Thinking of compliance as good governance is probably the most common, and distracting, false equivalency in corporate governance.
Background music is Of the Stars by KC Roberts & the Live Revolution
I spent nearly 20 years running a project at the University of Toronto’s Rotman School of Management that resulted in a couple of different sets of what we called “board ratings.” Fundamentally, these board ratings were just sets of rules against which we would score the governance disclosure of big listed companies. If a company’s disclosure was in line with the rules, they would get a favourable board rating. Even just describing it out loud makes it seem kinda silly, doesn’t it? Applying generic rules to 250 different companies in different industries with different models, structures, sizes, and people. The implication being that somehow I – as the manager of the project – had come up with the single answer to what an effective board is, and thought I could measure it through public disclosure.
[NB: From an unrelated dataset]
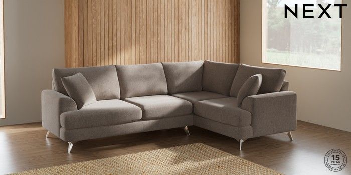 7.2.5 Buy Parker Medium Corner Sofa - Right Hand Chunky Chenille Light Dove High Metal - Chrome from the Laura Ashley online shop Click here to use our website with more accessibility support, for example screen readers
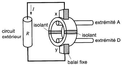 une lame est relié à l'extrémité A du cadre, et l'autre à l'extrémité D. Le collecteur tourne avec le cadre et la tension induite entre les lames est recueillie par deux balais fixes x et y qui frottent sur le collecteur.

Well, as absurd as that sounds, it’s basically the same as most of the rules, regulations, and laws that apply to corporate governance. And lots of corporations OBSESS over complying with all of them – even the optional ones like the board ratings I managed. It helps them to signal to the world that they have good governance. But when it comes to our definition of good governance, compliance is virtually meaningless. There isn’t a single regulation or law that sets corporations or boards up to make good decisions. That doesn’t mean compliance is bad or useless – in fact it’s probably pretty valuable for a lot of reasons. But good governance isn’t one of them.